The immunohistochemical staining and evaluation for CXCR4 and LVD
Immunohistochemical staining for CXCR4 protein was carried out by using streptavidin-peroxidase conjugated method (SP Ready-To-Use kit; Beijing Zhongshan Biotechnology, Beijing, China). Deparaffinized and rehydrated were been done before paraffin-embedded sections (3 μm thick) were immersed in 0.01M citric buffer (PH 6.0). The slides were incubated with 3% hydrogen peroxide for 10 min and then incubated in normal goat serum for 10 min at room temperature. Rabbit anti-human CXCR4 polyclonal antibody (Wuhan Boster Biological Technology, Wuhan, China) was used at a dilution of 1:50 as the first antibody according to the manufacturer's instructions. Sections were then incubated with goat anti-polyvalent antibody for 10 min and subsequently with streptavidin peroxidase for 10 min. The slides were visualized using diaminobenzidine and counterstained with haematoxylin before observation. The addition of the first antibody, rabbit anti-human CXCR4, was omitted in the protocols for negative controls.
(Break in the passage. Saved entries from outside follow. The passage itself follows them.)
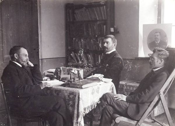 Õpetajad (vasakult) Andres Allast ja Märt Meos ja kirjanik Jakob Liiv õpetaja Allase korteris Väike-maarjas, umbes 1911. RM F 60, SA Virumaa Muuseumid, http://www.muis.ee/museaalview/2108131.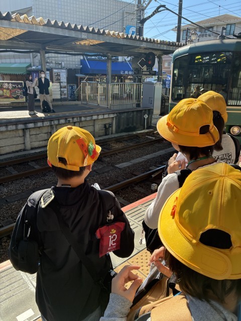 5・6年 修学旅行 江ノ電 公開日 2025/11/11 更新日 2025/11/11 全学年 多くの行動班が江ノ電に乗って鎌倉駅まで移動しました。 小さい電車ですが、満員です。 さすが、鎌倉。 大人気です。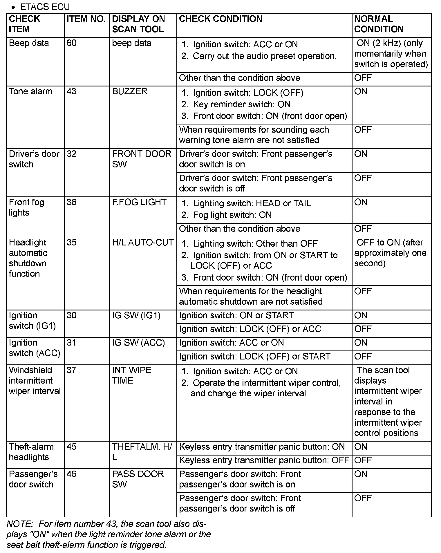 The table below shows the service data and their normal condition, which are displayed during the "DATA LIST."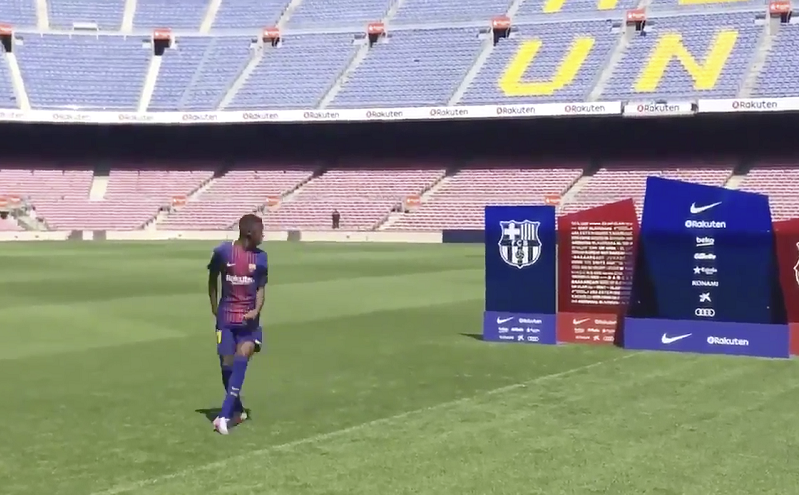 أثار الظهور الأول للنجم الفرنسي عثمان ديمبلي المنتقل إلى برشلونة الإسباني مقابل 105 مليون يورو سخرية خصوم الفريق الكاتالوني باستعراض خارج التغطية خلال تقديمه رسمياً، اليوم، لأنصار "البلوغرانا"، إذ ظهر ديمبلي متلعثماً بالكرة بشكل لا يتناسب مع عقده.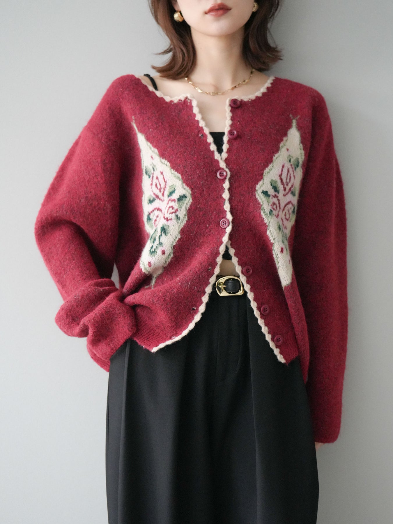 アンティーク調のフラワージャガード柄が目を惹くニットカーディガン。 ふんわりとした柔らかな風合いで、シーズンムードたっぷりに仕上げました。 レトロな柄行きと配色が上品な存在感を放ち、1枚でスタイリングの主役になるアイテムです。 ゆったりとしたシルエットで抜け感を演出し、羽織りとしてもボタンを閉めてトップス風にも着用可能。 カジュアルからフェミニンまで幅広いコーディネートにマッチする、今季注目の1着です。 ※ボトムス、キャミソール(インナー)以外の商品は一律でインナーは付属していません。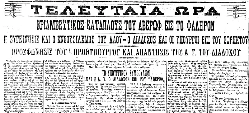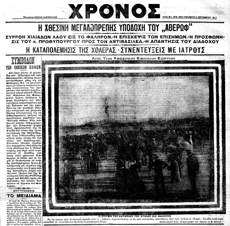 Κάτι ανάλογο είχε συμβεί και 115 περίπου χρόνια νωρίτερα, όταν το ίδιο το θωρηκτό «Αβέρωφ» έκανε την πανηγυρική του είσοδο ως το νέο «διαμάντι του στέμματος» του Πολεμικού Ναυτικού. Είναι 1η Σεπτεμβρίου 1911. Η χώρα ετοιμάζεται να υποδεχθεί το υπερσύγχρονο –για την εποχή του– θωρηκτό, το οποίο είχε αγοραστεί δύο χρόνια νωρίτερα από την Ιταλία, χάρη και στην καθοριστική οικονομική συμβολή του κληροδοτήματος του εθνικού ευεργέτη Γεωργίου Αβέρωφ. Η τελετή έχει οριστεί για τον Φαληρικό όρμο. Στην εξέδρα που στήνεται στην παραλία του Φαλήρου δίνει το «παρών» σύσσωμη η πολιτική και στρατιωτική ηγεσία του τόπου, με προεξάρχοντες τον πρωθυπουργό Ελευθέριο Βενιζέλο και τον διάδοχο Κωνσταντίνο.

10 different areas containing tumor cells were evaluated randomly for each slide under a low power microscopy field by two independent experienced investigators without prior knowledge of the patient disease data. ≥100 tumor cells were examined per field. Two scoring systems including staining intensity and percentage of stained cells were used; the staining intensity was scored on a semi-quantitative 4-point scale: 0, equivalent to the negative control; 1, weak cytoplasmic and nuclear stain slightly darker than the negative control; 2, moderate stain, defined as an intensity of score 1-3; 3, intense stain, equivalent to or darker than the positive control. The percentage of stained cells was also scored on a semi-quantitative 4-point scale: 0, <10%; 1, 10-25%; 2, 25-50%; 3 >50%. Finally, combining the score of staining intensity and percentage of stained cells: 0-1 was -, 2 was +, 3-4 was ++, 5-6 was +++.
For immunohistochemical staining for lymphatic vessel density (LVD), sections were examined by two independent experienced investigators without prior knowledge of the patient information as described by Weidner et al. Regions with the most intense lymphangiogenesis (hot spot) were selected under low power magnification (-100). Lymphatic vessels were counted at high magnification (-200) for each hot spot after 5 hot spots were determined following agreement of the two investigators. For each case, the mean count of the 5 fields was calculated as LVD.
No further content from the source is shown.